Operators of existing establishments who already have transmitted the above information to their Competent Authority are not required to submit a new notification once the Seveso II Directive will enter into mandatory application. Operators of existing establishments not previously covered by the Seveso I Directive have to transmit a notification within a year’s period from 3 February 1999, i.e. before 3 February 2000.
Of course, in the event of significant changes in quantities and/or nature of dangerous substances or the permanent closure of an establishment/installation, the Operator has to inform the Competent Authority.
Major-Accident Prevention Policy - Mapp (Article 7)
The obligation to establish and to properly implement a MAPP applies to Operators of both lower and upper tier establishments. This represents a new requirement not specifically contained within Seveso I. It has been derived from an increased recognition that appropriate policies and management systems within a company are necessary to safeguard against major accidents, as seen from the fact that ‘management factors’ have contributed to many of the accidents which have occurred since the implementation of Seveso I.
The MAPP must be established in writing and should include the Operator’s overall aims and principles of action with respect to the prevention and control of major-accident hazards. It shall be designed to guarantee a high level of protection for man and the environment by appropriate means, structures and management systems.
Some major differences exist in the practical ways that Operators of lower and upper tier establishments make the contents of their MAPP known to the authorities.
Operators of lower tier establishments shall make the MAPP available to the Competent Authorities (at their request) which means that they have no obligation to actually send the written document setting out their MAPP to the Competent Authority.

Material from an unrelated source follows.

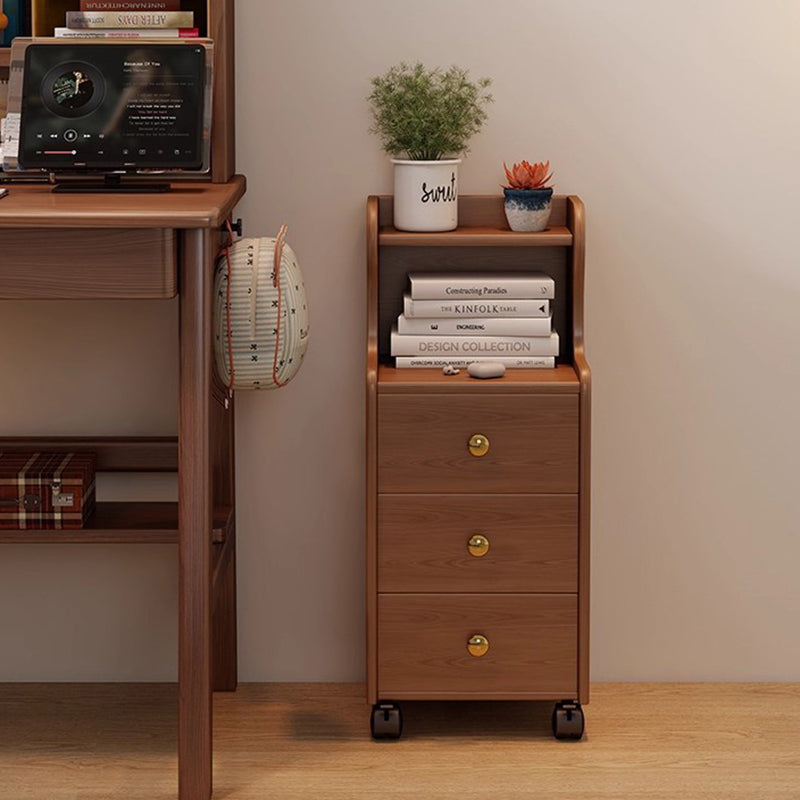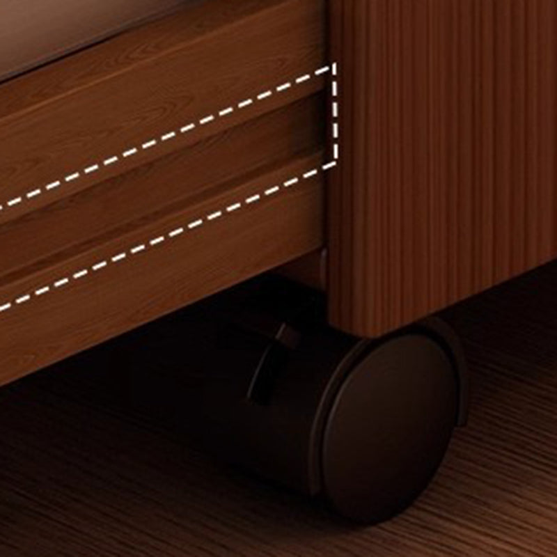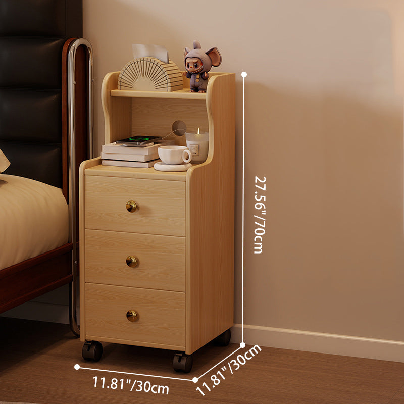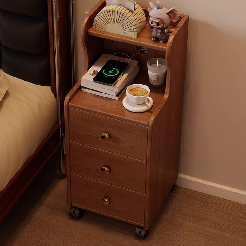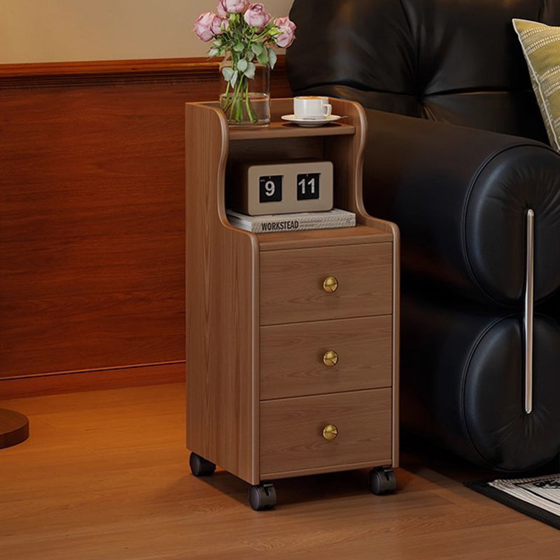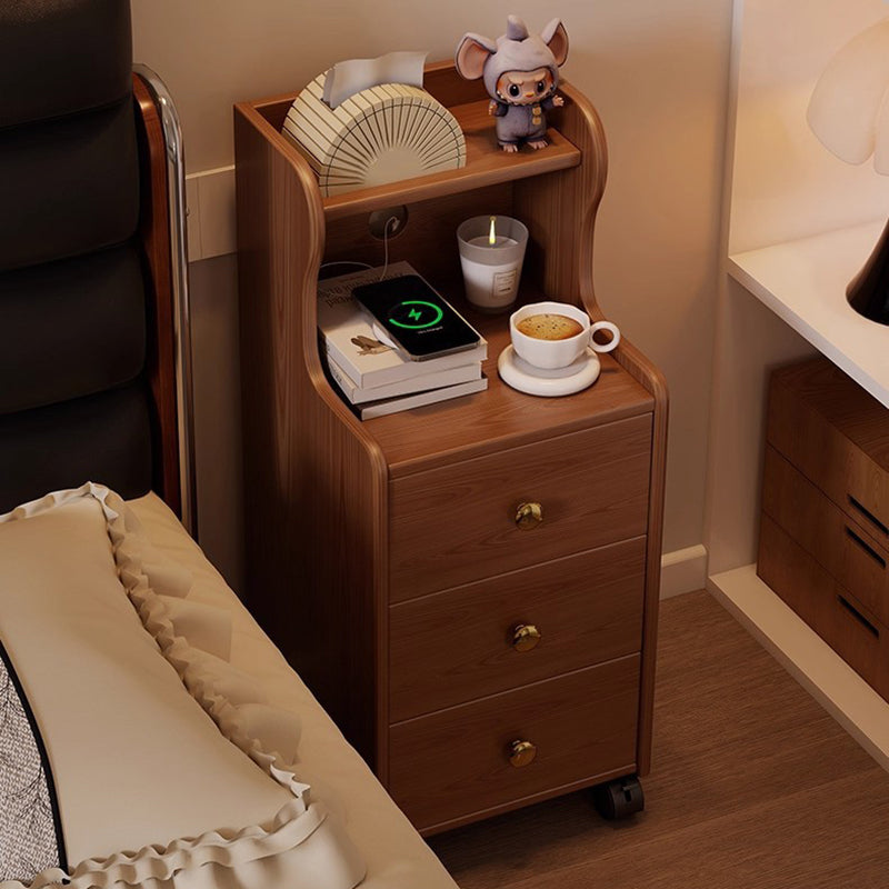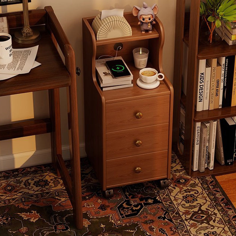 This traditional vintage nightstand is crafted from rubberwood and designed with a rectangular shape, featuring 3 drawers and a practical 2-tier open storage structure. Equipped with smooth-rolling wheels and rounded edges, it offers ample storage space and easy mobility, available in walnut, black, or natural wood finishes for living rooms or bedrooms.

Operators of upper tier establishments must demonstrate in their Safety report that a MAPP has been put into effect. The Safety report must be sent to the Competent Authority.
Safety Report (Article 9)
The Seveso I Directive also contained a requirement to produce a safety assessment of hazards (although the term “safety report” was not used as such). Whereas the technical format of the Safety report required by the Seveso II Directive will to a large extent be similar to that of its predecessor, significant supplementary requirements (MAPP, SMS) have been introduced.
The obligation to produce a Safety report and to send it to the Competent Authority only applies to Operators of upper tier establishments.
A flexible presentation permits the combination of the Safety report with other reports produced in response to other legislation to form a single Safety report in order to avoid unnecessary duplication or repetition of work.
Safety reports shall have the purpose of :
- demonstrating that a MAPP and a SMS have been put into effect,
- demonstrating that major-accident hazards have been identified and that all necessary measures have been taken to prevent such accidents and to limit their consequences for man and the environment,
- demonstrating that adequate safety and reliability have been incorporated into the design, construction, operation and maintenance of any establishment/installation and/or storage facility, as well as equipment and infrastructure connected,
- demonstrating that Internal Emergency Plans have been drawn up, supplying information to enable the External Emergency Plan to be drawn up,
- providing sufficient information to the Competent Authority to enable decisions to be made in terms of the siting of new activities or developments around existing establishments.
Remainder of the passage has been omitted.